## Provided records
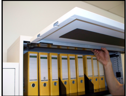
To refit the flipper slide the flipper back into the unit
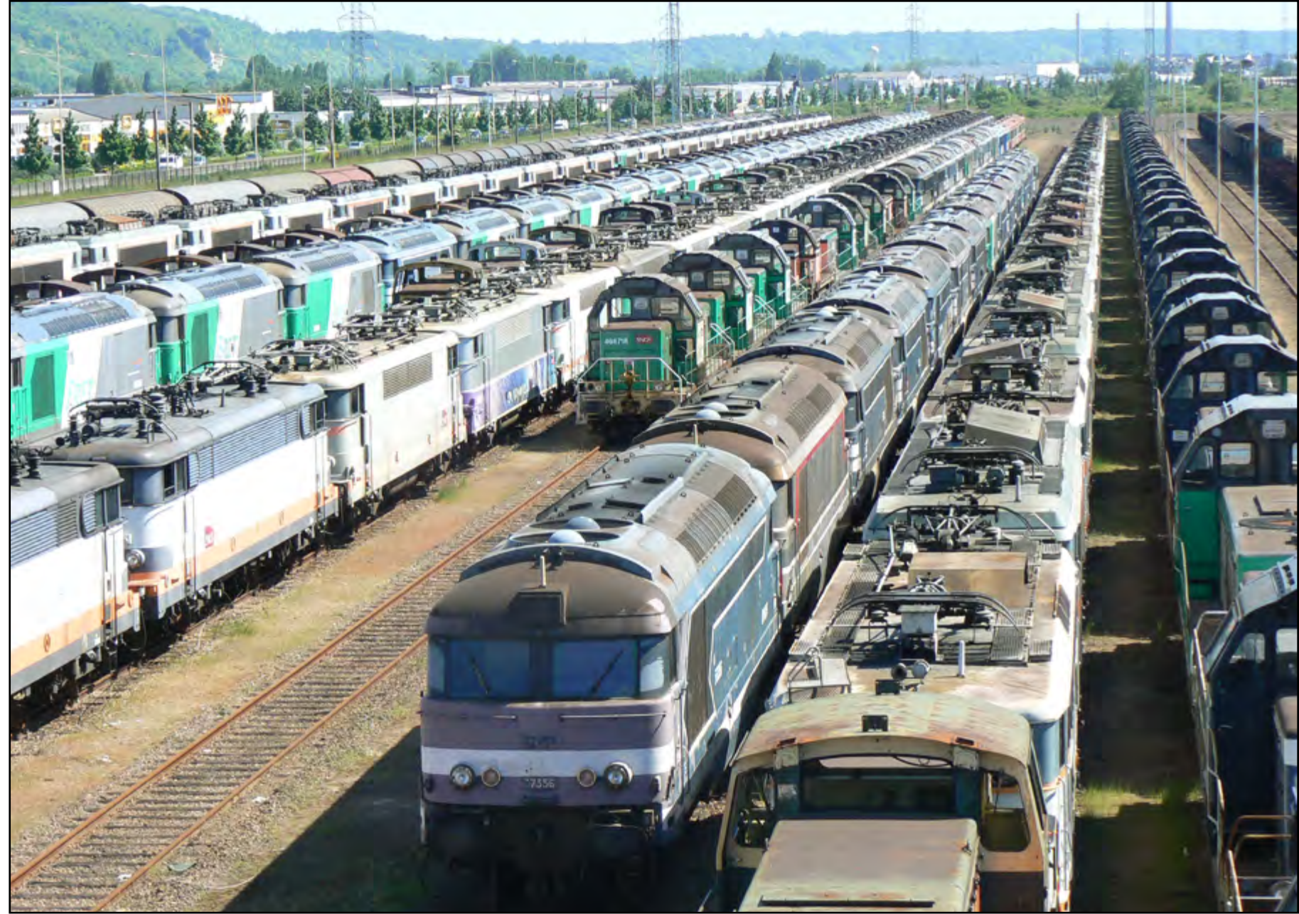
This Page: The yard at Sotteville les Rouen has become a huge storage location for SNCF locos. Here we have a selection of what can be seen. Derek Neesham
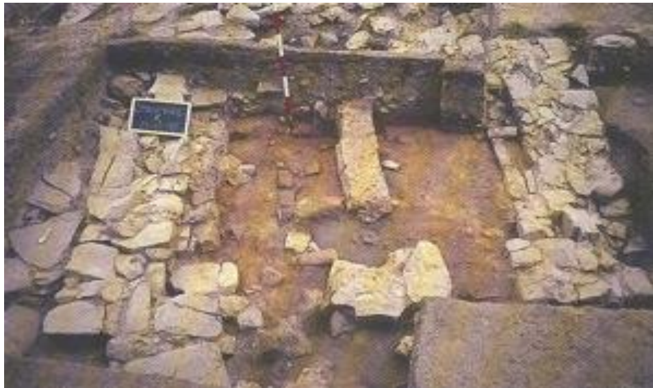
Figure 2. Structure K in excavation. The central mastio and the walls and their dimensions are apparent, revealing the size and shape of the kiln. The photo was taken after the removal of the mastini .

The height of Structure K is preserved to about 1.25 m with the south interior corner of the west wall resting on bedrock. Although the precise form and height of the superstructure is unclear, evidence of the corbelled praeurnia openings in addition to the remains of the south wall indicate that the roof was likewise corbelled and constructed from overlapping stones, brick and tile fragments, and large pieces of dolio . 9 From these findings Don Davis, professor of ceramics at East Tennessee State University, built a full-scale replica of the conjectured superstructure of Structure K using modern techniques and materials to attempt experimental firings so that the process could be better understood, allowing individuals to understand the physical structure of the kiln three-dimensionally (Figures 3).
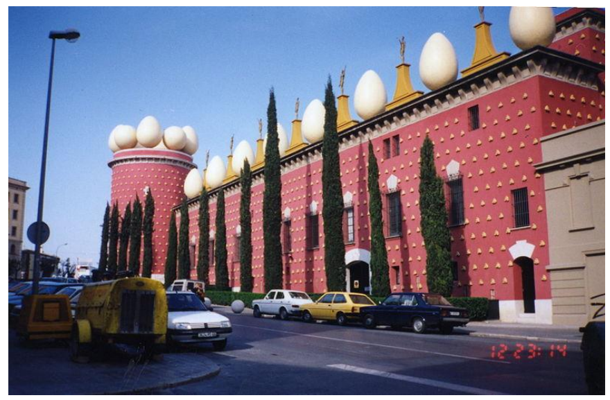
The Dali Theatre-Museum in Figueres

<u>Day 15 - Thursday, October 27</u>: Day at leisure in the beautiful resort of Rosas. Final group <u>dinner</u> in the restaurant of our hotel.
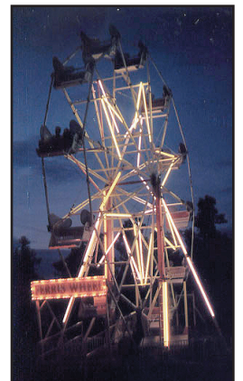
(above) The Ferris Wheel lights up the night sky.
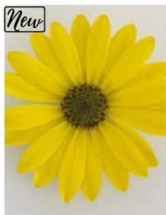
OSTEOSPERMUM GELATO PINEAPPLE
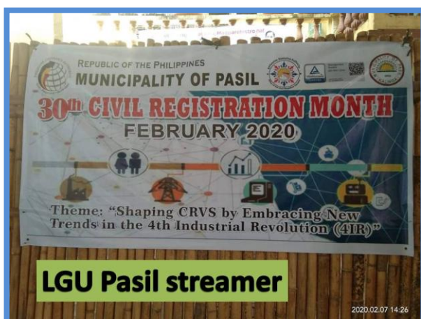
LGU Pasil streamer

Local Government Units of Pasil and Pinukpuk, Kalinga prepared and hanged their streamer also in front of their offices.

## About this task
From the listing above, pick out each line where the word "their" appears.

## Written response
Figure 2. Structure K in excavation. The central mastio and the walls and their dimensions are apparent, revealing the size and shape of the kiln. The photo was taken after the removal of the mastini .
Local Government Units of Pasil and Pinukpuk, Kalinga prepared and hanged their streamer also in front of their offices.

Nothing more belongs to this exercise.